Model (ours) MNLI SQuAD CoNLL-2003
BERT-base-cased (teacher) 83.7 / 84.0 81.5 / 88.6 91.1
BiGRU - - 85.3
T6 83.5 / 84.0 80.8 / 88.1 90.7
T3 81.8 / 82.7 76.4 / 84.9 87.5
T3-small 81.3 / 81.7 72.3 / 81.4 78.6
T4-tiny 82.0 / 82.6 75.2 / 84.0 89.1
T12-nano 83.2 / 83.9 79.0 / 86.6 89.6

Note:

  1. The equivalent model structures of public models are shown in the brackets after their names.

  2. When distilling to T4-tiny, NewsQA is used for data augmentation on SQuAD and HotpotQA is used for data augmentation on CoNLL-2003.

  3. When distilling to T12-nano, HotpotQA is used for data augmentation on CoNLL-2003.

Results on Chinese Datasets

We experiment on the following typical Chinese datasets:

Dataset Task type Metrics #Train #Dev Note
XNLI text classification Acc 393K 2.5K Chinese translation version of MNLI
LCQMC text classification Acc 239K 8.8K sentence-pair matching, binary classification
CMRC 2018 reading comprehension EM/F1 10K 3.4K span-extraction machine reading comprehension
DRCD reading comprehension EM/F1 27K 3.5K span-extraction machine reading comprehension (Traditional Chinese)
MSRA NER sequence labeling F1 45K 3.4K (test) Chinese named entity recognition

The results are listed below (see Experimental Results for details).

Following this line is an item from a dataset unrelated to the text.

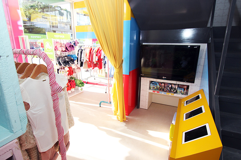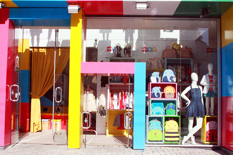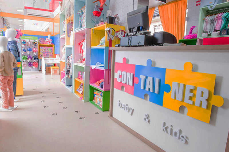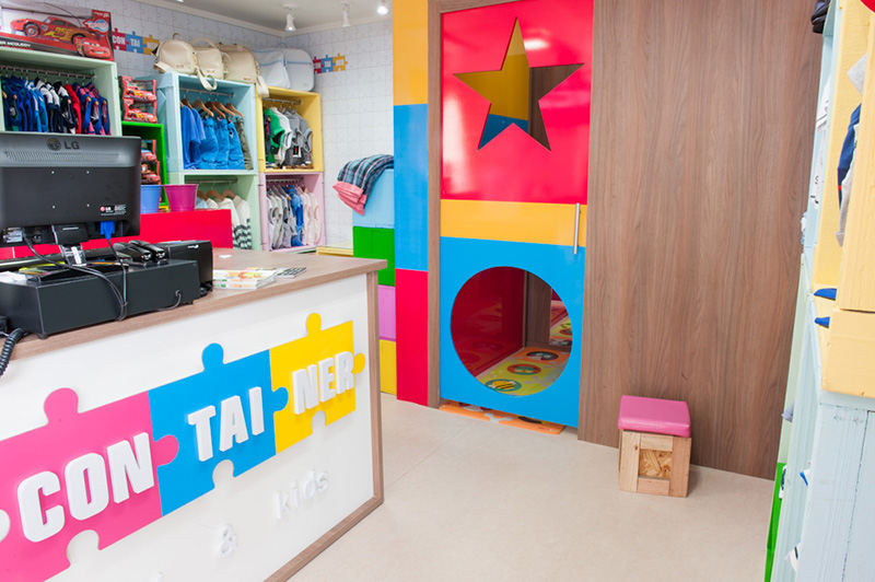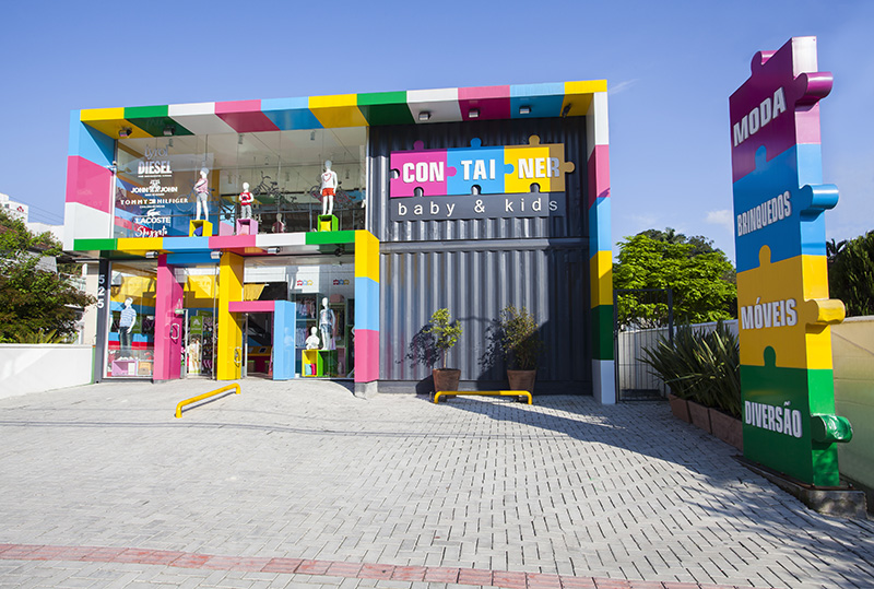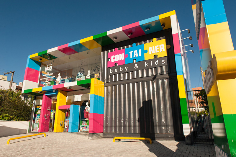 巴西的時尚兒童服裝玩具連鎖店--ConTAINER baby & kids彩色的店面裝潢,簡單明亮的氛圍,加上集裝箱風格的建筑,在同類的兒童用品店中別樹一格。

Model XNLI LCQMC CMRC 2018 DRCD
RoBERTa-wwm-ext (teacher) 79.9 89.4 68.8 / 86.4 86.5 / 92.5
T3 78.4 89.0 66.4 / 84.2 78.2 / 86.4
T3-small 76.0 88.1 58.0 / 79.3 75.8 / 84.8
T4-tiny 76.2 88.4 61.8 / 81.8 77.3 / 86.1
Model XNLI LCQMC CMRC 2018 DRCD MSRA NER
Electra-base (teacher) 77.8 89.8 65.6 / 84.7 86.9 / 92.3 95.14
Electra-small 77.7 89.3 66.5 / 84.9 85.5 / 91.3 93.48

Note:

  1. Learning rate decay is not used in distillation on CMRC 2018 and DRCD.

  2. CMRC 2018 and DRCD take each other as the augmentation dataset in the distillation.

  3. The settings of training Electra-base teacher model can be found at Chinese-ELECTRA.

  4. Electra-small student model is intialized with the pretrained weights.